04eef5b4 791d94bc 04eef6cc 791ed194 04eef608 0xe4b69e
04eef5bc 791ed194 04eef608 00000000 04eef5e0 mscorwks!CallDescrWorker+0x30
04eef6cc 791ed54b 00bc82f3 79b7a000 04eef6f8 mscorwks!MethodDesc::CallDescr+0x1b8
04eef788 791ed5b9 79bc82f3 79b7a000 79b91d95 mscorwks!MethodDesc::CallDescr+0x4f
04eef7b0 792e87b7 04eef7f4 03a54298 791b32a8 mscorwks!MethodDesc::Call+0x97
04eef7fc 792e8886 04eef814 03a5a598 792e87c4 mscorwks!ThreadNative::KickOffThread_Worker+0x9d
04eef8a0 791cf03c 03a5a598 00000000 00000000 mscorwks!ThreadNative::KickOffThread+0xc2
04eeffb4 7c57b388 000a7898 006f0063 00000003 mscorwks!Thread::intermediateThreadProc+0x44
04eeffec 00000000 791ceffb 000a7898 00000000 KERNEL32!BaseThreadStart+0x52
From this, it would appear as indeed the threads were being put to sleep right after processing a request. But why, and by what, is still something we're trying to figure out.
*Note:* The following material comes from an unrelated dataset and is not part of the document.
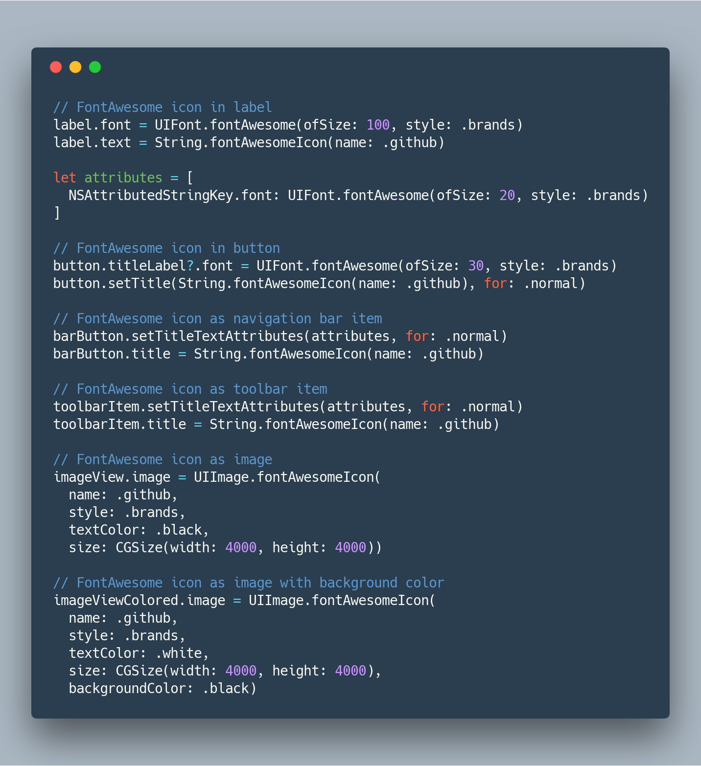 참고 : Cocoapods를 사용 하여이 설치하면 프레임 워크 이름이 FontAwesome_swift 됩니다 (밑줄이 있습니다).

Some things might be worth mentioning at this point:
- We're not manually creating new threads in our code.
- We're not doing any async operations or calling any async delegates, so it's not a case of us forgetting to call EndXXX() somewhere.
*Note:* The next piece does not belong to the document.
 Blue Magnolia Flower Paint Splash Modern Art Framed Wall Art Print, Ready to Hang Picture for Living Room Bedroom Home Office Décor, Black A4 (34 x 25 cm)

- We're not explicitly using the managed ThreadPool anywhere.
- We're not hanging on to the request thread (after all, until the error happens we're getting responses right away to the calling Web Service).
We still have a few things we want to try out, and we're considering getting the most recent COM+ rollup package of hotfixes for Windows 2000 onboard to see if it helps, though we haven't seen anything specific in the KB articles that points directly at a problem like ours. I'm still very reluctant to say this is a platform bug, though; there might be something we did to cause it and we're just missing it.
If anyone happens to have any ideas or suggestions, they would sure be appreciated!
Update 2006/09/30: I've been playing with this some more, and realized I was doing something stupid: I totally forgot about loading the SOS (Son Of Strike) extension to the debugger. With this in hand, I've been able to discover a few extra things:
Using the !comstate and !threads commands reveal that most of the threads being created are not even related to the COM+ thread pool at all. Here's the breakdown of threads:
- 1 is the finalizer thread (thread 13)
- 1 is a threadpool worker thread (thread 19)
- 9 threads are in the MTA, and 1 in the STA
- All the rest of the threads are not even in a COM apartment at all.
Looking at all the other "weird" threads with SOS, I was able to dump a more useful stack trace:
0:000> ~37e !clrstack
0x04eef58c 0x77f883a3 [FRAME: ECallMethodFrame] [DEFAULT] Void System.Threading.Thread.Sleep(I4)
0x04eef59c 0x03943e37 [DEFAULT] [hasThis] Void Microsoft.Practices.EnterpriseLibrary.Configuration.Storage.ConfigurationChangeWatcher.Poller()
0x04eef7c0 0x791d94bc [FRAME: GCFrame]
Humm... interesting. We do use the Enterprise Library for database access in this application (though it's just calling a few SPs that manage a transaction log), and now it appears it's ENTLIB creating watcher threads. Certainly something we'll look at monday morning; we may be initializing something wrong and I have an idea as to what might be.
BTW, did I mention Windbg + Symbol Serve
r + SOS rocks?
Update 2006/10/02: Yep, verified; the problem was the Enteprise Library. We got rid of it, and the problem went away. Go figure!